I had the opportunity to be a part of Deep Learning Part I as an International Fellow back in October. Participating in the course remotely was an incredibly valuable experience and taught me so much about the practical aspects of model design, implementation, and evaluation. Jeremy, your lectures were always peppered with useful tips and tricks on getting deep learning to work, and discussions on the Slack channel and course forum were a welcome escape from struggling with deep learning in isolation.
You might be pleased to hear that your course has already helped me make advances in my work on low-resource languages.

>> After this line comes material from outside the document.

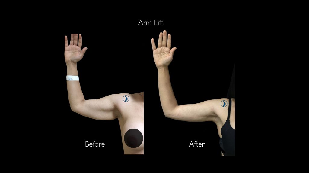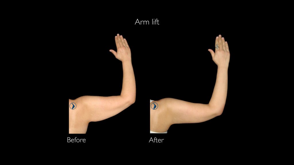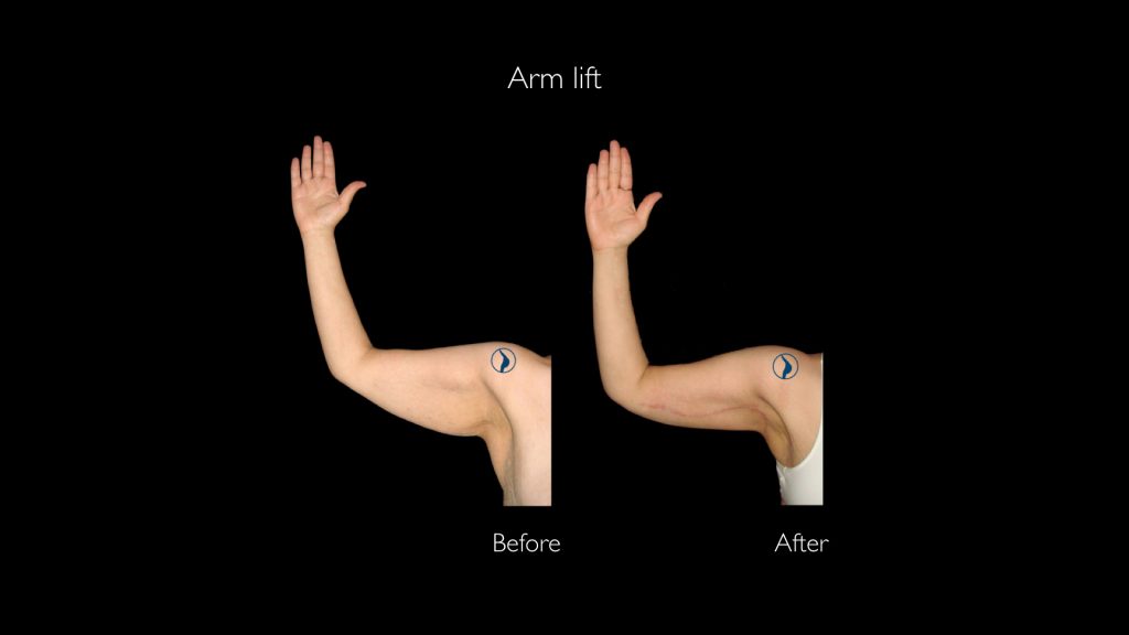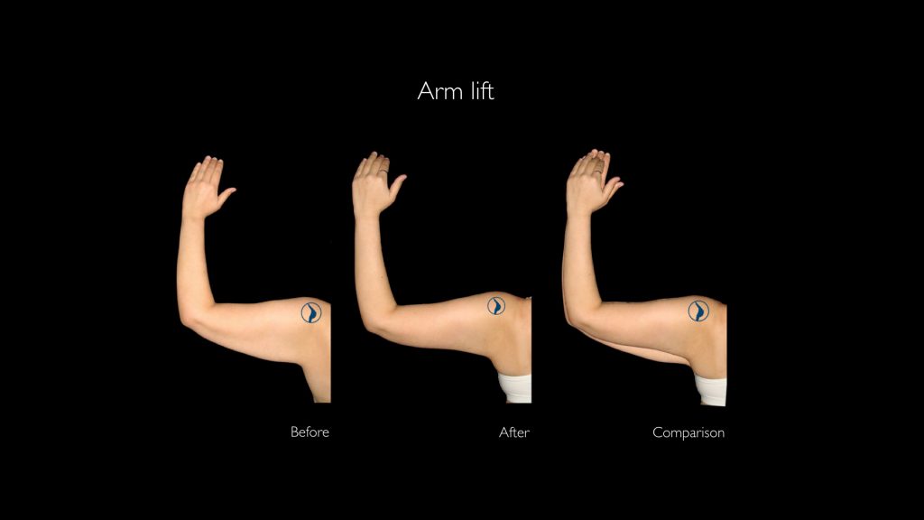 The procedure consists of cutting and removing skin along the inner side of the arm to hide the scar and may or may not require liposuction to achieve a more natural result.

One of the biggest challenges I had witnessed during my research was the lack of labeled data available for training machine learning algorithms, a phenomenon that commonly hinders research on languages with little data on them. This got me thinking of ways in which unsupervised learning techniques can be employed to extract meaningful representations for use in supervised learning problems later on.

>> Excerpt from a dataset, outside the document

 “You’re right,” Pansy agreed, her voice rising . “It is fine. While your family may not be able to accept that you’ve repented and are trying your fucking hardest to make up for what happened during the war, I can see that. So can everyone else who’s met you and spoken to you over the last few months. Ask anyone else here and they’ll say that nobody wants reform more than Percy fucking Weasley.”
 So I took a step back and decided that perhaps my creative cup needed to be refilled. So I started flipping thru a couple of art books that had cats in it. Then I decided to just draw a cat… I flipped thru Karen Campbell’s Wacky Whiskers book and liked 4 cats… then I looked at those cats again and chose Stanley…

Taking a cue from Lesson 5, I acquired, cleaned, and segmented into sentences an Urdu corpus with over 35 million tokens and trained a continuous bag-of-words model to learn vector representations of words from it. The resulting embeddings captured not only very useful semantic relationships between words but also lexical variations frequently found in Urdu. This marks the first time such word representations have been trained for Urdu, and, while they are themselves an incredibly valuable resource, it is exciting to think of ways in which they can be used to advance the state of natural language processing for Urdu in applications ranging from text classification to sentiment analysis to machine translation.
Applications of recurrent neural networks demonstrated towards the end of the course have inspired me to test their effectiveness at building character-level language models with long-term dependencies for Urdu. I look forward to seeing how well they can capture the rich morphology that Urdu exhibits.
In the long run, I hope to use deep learning techniques to bridge gaps in human communication by helping computers better process and understand regional languages and use machine translation to help unlock a world of information for people who don’t speak English (or other popular languages).
I’m passionate about learning new things and sharing that knowledge with others. I have volunteered as a TA multiple times during my undergrad and I love explaining things by deconstructing complex equations into intuitive concepts. I hope to one day become a professor and get to do this full-time.
Something not many people know about me? That I was homeschooled right up to grade 10! That’s when I fell in love with learning and reading.
I can’t wait for the course to begin!